A year later, the train's timing has changed and Jayant has been spared the agony of taking the 5.48 slow.

As chance would have it, on Wednesday, he boarded the same bogey (coach 864A) in which the bomb had been set off between the Khar and Santacruz stations, killing scores and injuring many including him.

On July 11, Western Railway General Manager A K Jingron flagged off the same bogey after it underwent restoration work. Of the seven compartments that were mangled in the blasts last year, five will be pressed back into service. Two are beyond redemption.

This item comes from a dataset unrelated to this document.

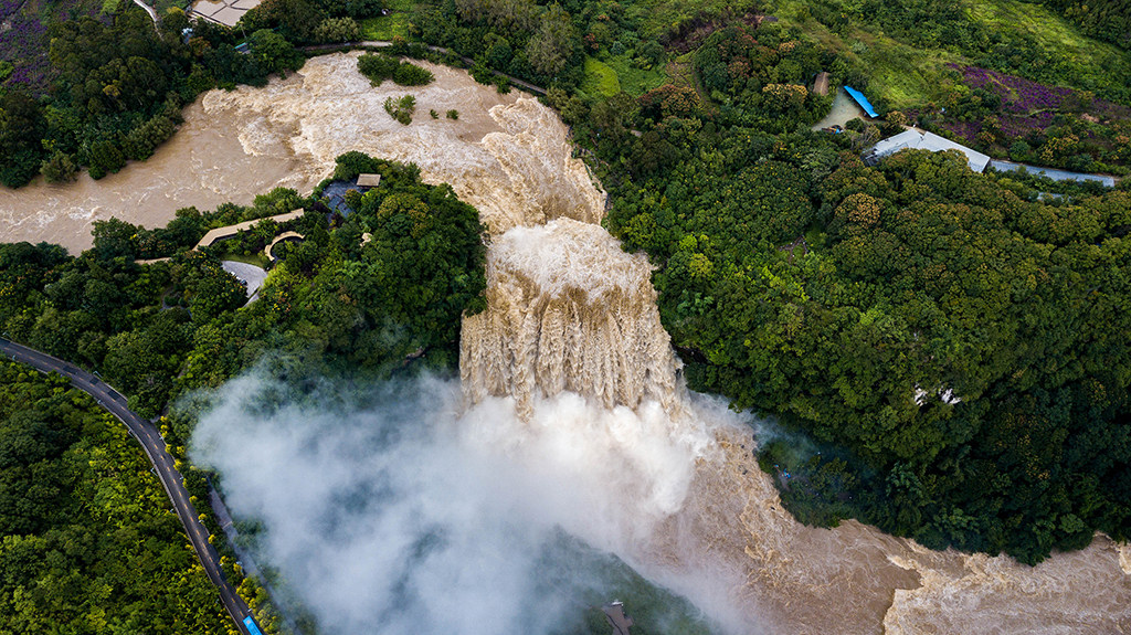 受強降雨影響,貴州黃果樹瀑布迎來2020年入汛以來最大水量,黃果樹瀑布水勢磅…

On the occasion of the first anniversary of the blasts the railways had posted a banner at Churchgate station that said: 'Aatankwad ke virudh rashtra ka dhrud sankalp' (The nation is determined against terrorism).

The security at the railway station was strict and the railway police brought in a sniffer dog to check the first class bogey before giving the train the green signal.

Asked why the Western Railway had pressed the the coach back into service one year later, Western Railway Chief Public Relations Officer Pranay Prabhakar said, "The terrorists wanted to break our spirit. By repairing the bogey we have proved that we will not be broken so easily. We want to show as Indians we are together on this day."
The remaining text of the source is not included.